13. The method of claim 1, wherein the generation of the plurality of spectral representations from the raw seismic data or the processed seismic data comprises calculating spectrograms based at least in part on Fourier transforms on time-windowed segments of the raw seismic data or the processed seismic data.
14. The method of claim 1, wherein the generation of the plurality of spectral representations from the raw seismic data or the processed seismic data comprises calculating scalograms based on wavelet transforms on time-windowed segments of the raw seismic data or the processed seismic data.
15. The method of claim 1, wherein the generation of the plurality of spectral representations comprises dividing each frequency component by a time average to suppress constant noise or suppressing impulsive signals through blurring, short term average (STA) and long term average (LTA) thresholding, and replacement of detections by values representative of background noise.
16. The method of claim 1, wherein distributed acoustic sensing (DAS) systems comprising a fiber optic cable and interrogator are used at each seismic receiver.
17. The method of claim 1, wherein detecting the tremor event from the plurality of spectral representations comprises:
classifying time-windowed segments of the processed seismic data based at least in part on a computer vision or deep learning classifier trained on a catalog of real tremor events, synthetic tremor events, or both; and
identifying the subset of the processed seismic data based at least in part on a classifier prediction, wherein the subset of the processed seismic data is representative of the tremor event.
18. The method of claim 1, wherein identifying the subset of the processed seismic data representative of the tremor event is further based at least in part on the subset of the processed seismic data comprising a duration characteristic of the tremor event, a frequency characteristic of the tremor event, one or more spectral peaks characteristic of the tremor event, an absence of arrival times of one or more waves, or any combination thereof.
19. An apparatus for tremor characterization for geothermal reservoir imaging, comprising:
one or more memories storing processor-executable code; and
one or more processors coupled with the one or more memories and individually or collectively operable to execute the code to cause the apparatus to:
obtain raw seismic data from a plurality of seismic receivers distributed with reference to a geological zone;
detect a tremor event from the raw seismic data, wherein, to the detecting, the one or more processors are individually or collectively operable to execute the code to cause the apparatus to:
generate processed seismic data from the raw seismic data;
generate a plurality of spectral representations based at least in part on the raw seismic data or the processed seismic data;
identify a subset of the processed seismic data based at least in part on the plurality of spectral representations, wherein the subset of the processed seismic data is representative of the tremor event; and
output, after detecting the tremor event, one or more candidate locations representative of a source of the tremor event.

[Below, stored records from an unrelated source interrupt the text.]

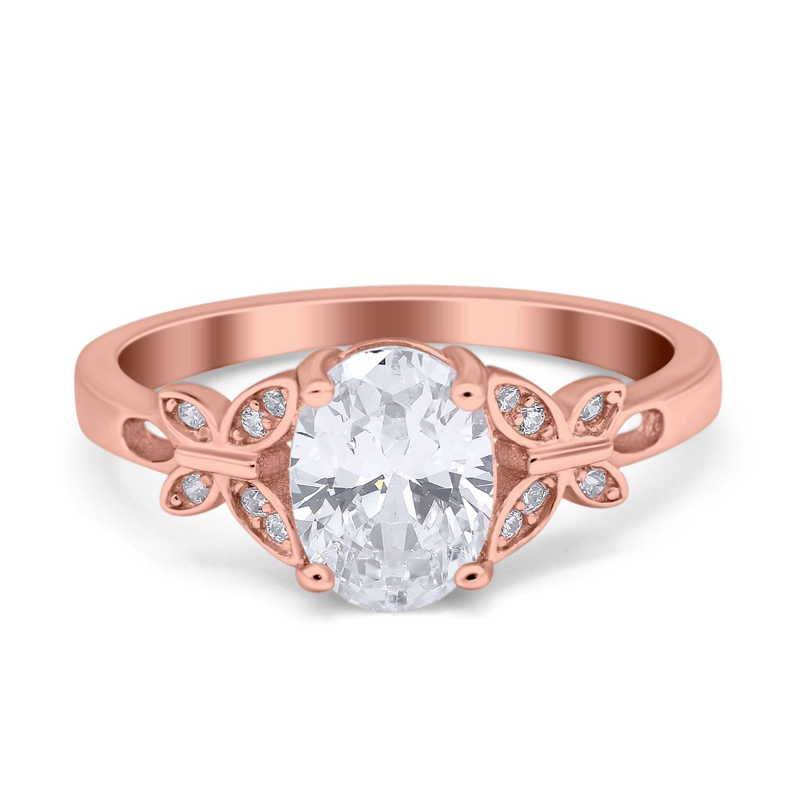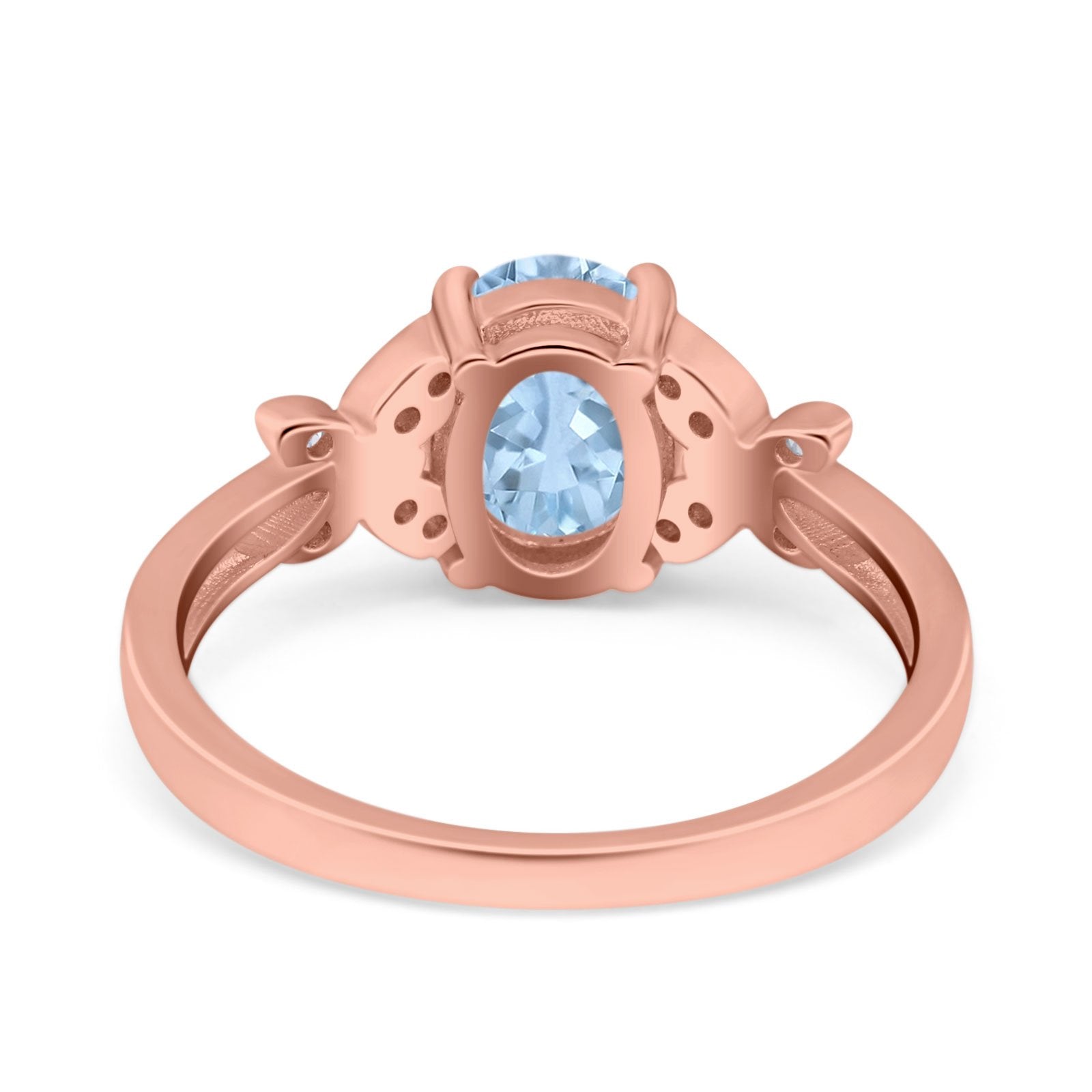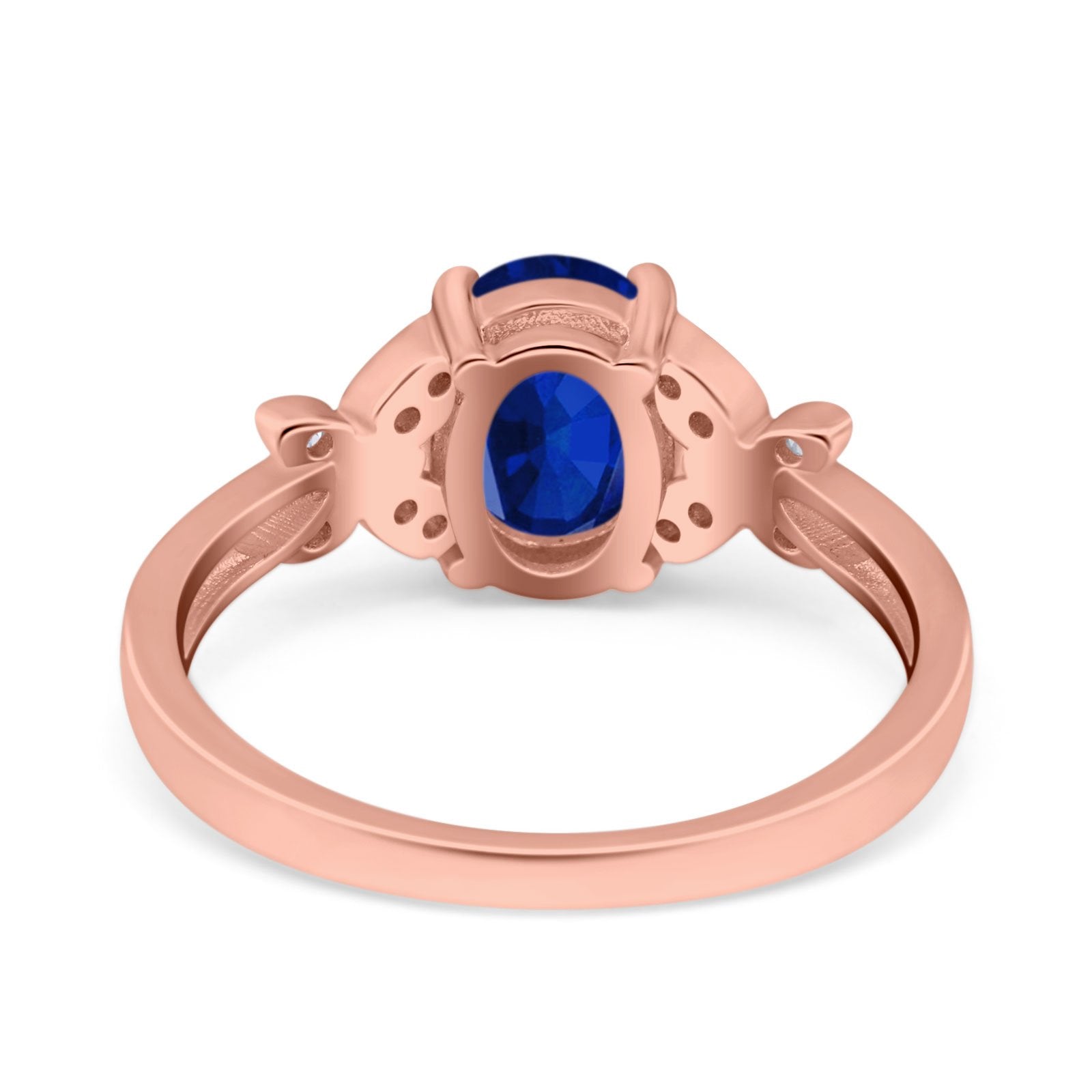 CZ & Blue Sapphire CZ Rose Tone Silver
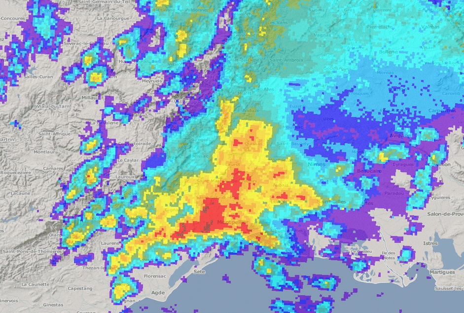 De nouveaux orages se forment par ailleurs plus à l'ouest, sur l'Hérault, où deux personnes âgées sont décédées, leur véhicule ayant été submergé par la montée des eaux. Ces orages affectent en ce moment la ville de Montpellier, qui a déjà enregistré un nouveau record de précipitations en 30 minutes en milieu d'après-midi, avec une lame d'eau de 64 mm à la station de l'aéroport (source @GaetanHeymes).
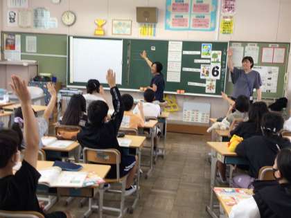 6/6 6年外国語 公開日 2024/06/06 更新日 2024/06/06 各学年から 6年2組の外国語では、エナ先生と一緒にアルファベットのNがつく英単語を学んでいました。大きな声で発音をしながら楽しい授業でした。
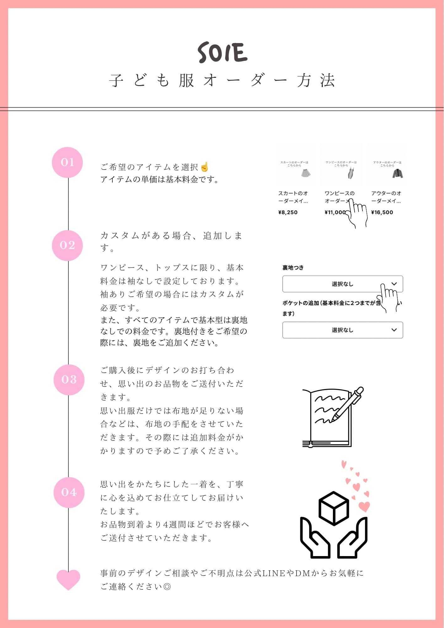 思い出服だけでは布地が足りない場合などは、布地の手配をさせていただきます。その際には追加料金がかかりますので予めご了承ください。
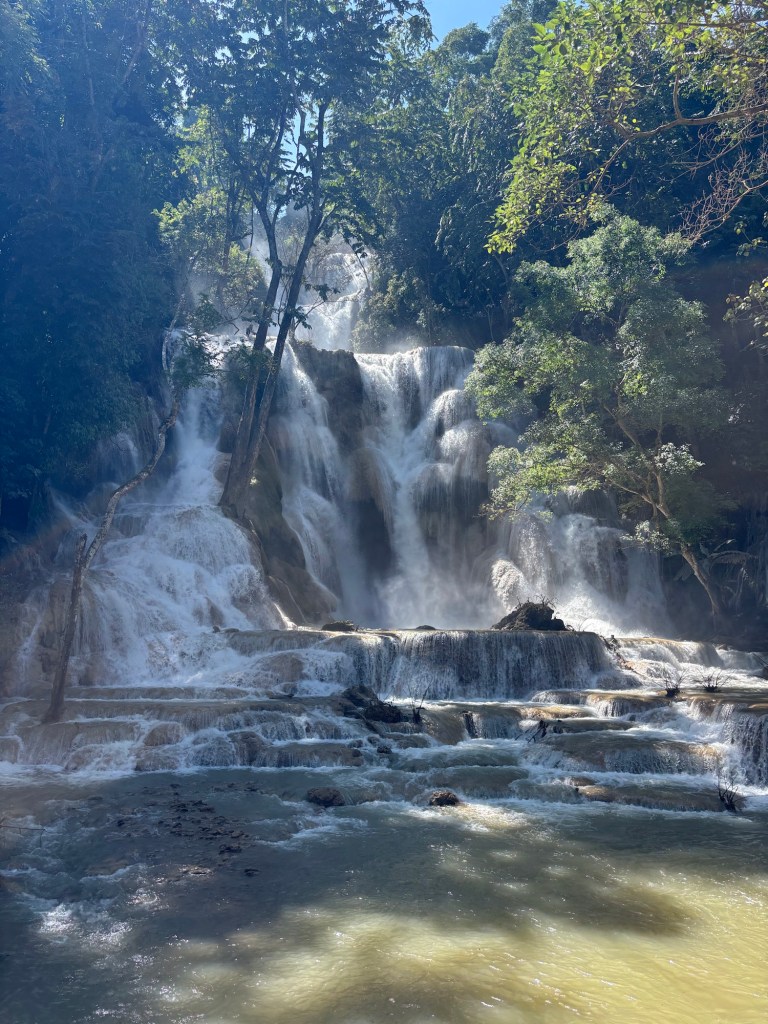 Am zweiten Tag haben wir uns einen Roller gemietet und sind zu einem grossen Wasserfall gefahren. Die Fahrt zog sich und es war extrem heiss. Trotzdem hat es uns der Wasserfall nicht besonders angetan, um darin zu baden. Da es noch das Ende der Regenzeit war, führte er sehr viel Wasser und war dadurch braun gefärbt – nicht besonders einladend. Dennoch war der Besuch und die Abkühlung durch den Sprühnebel sehr angenehm.
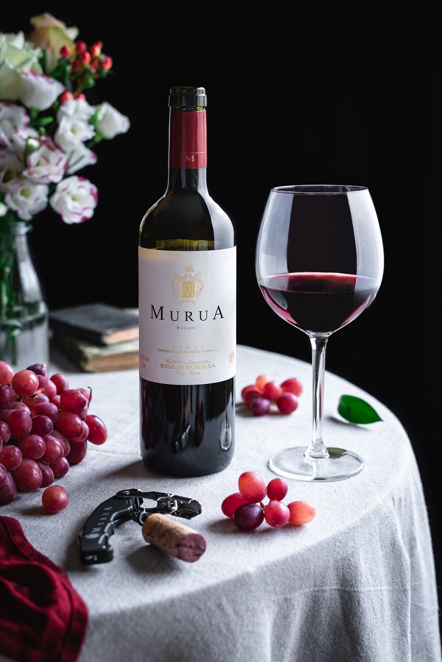 Murua Reserva es un tinto elaborado con uvas tempranillo (92%), graciano y mazuelo (8%), de gran versatilidad. Es un vino que ha permanecido durante 20 meses en barricas de roble francés y americano y cuatro años de crianza en botella en el calado subterráneo de la bodega para alcanzar su grado óptimo de madurez y redondez.

20. A non-transitory computer-readable medium storing code for tremor characterization for geothermal reservoir imaging, the code comprising instructions executable by one or more processors to:
obtain raw seismic data from a plurality of seismic receivers distributed with reference to a geological zone;
detect a tremor event from the raw seismic data, wherein the instructions to the detecting are executable to:
generate processed seismic data from the raw seismic data;
generate a plurality of spectral representations based at least in part on the raw seismic data or the processed seismic data;
identify a subset of the processed seismic data based at least in part on the plurality of spectral representations, wherein the subset of the processed seismic data is representative of the tremor event; and
output, after detecting the tremor event, one or more candidate locations representative of a source of the tremor event.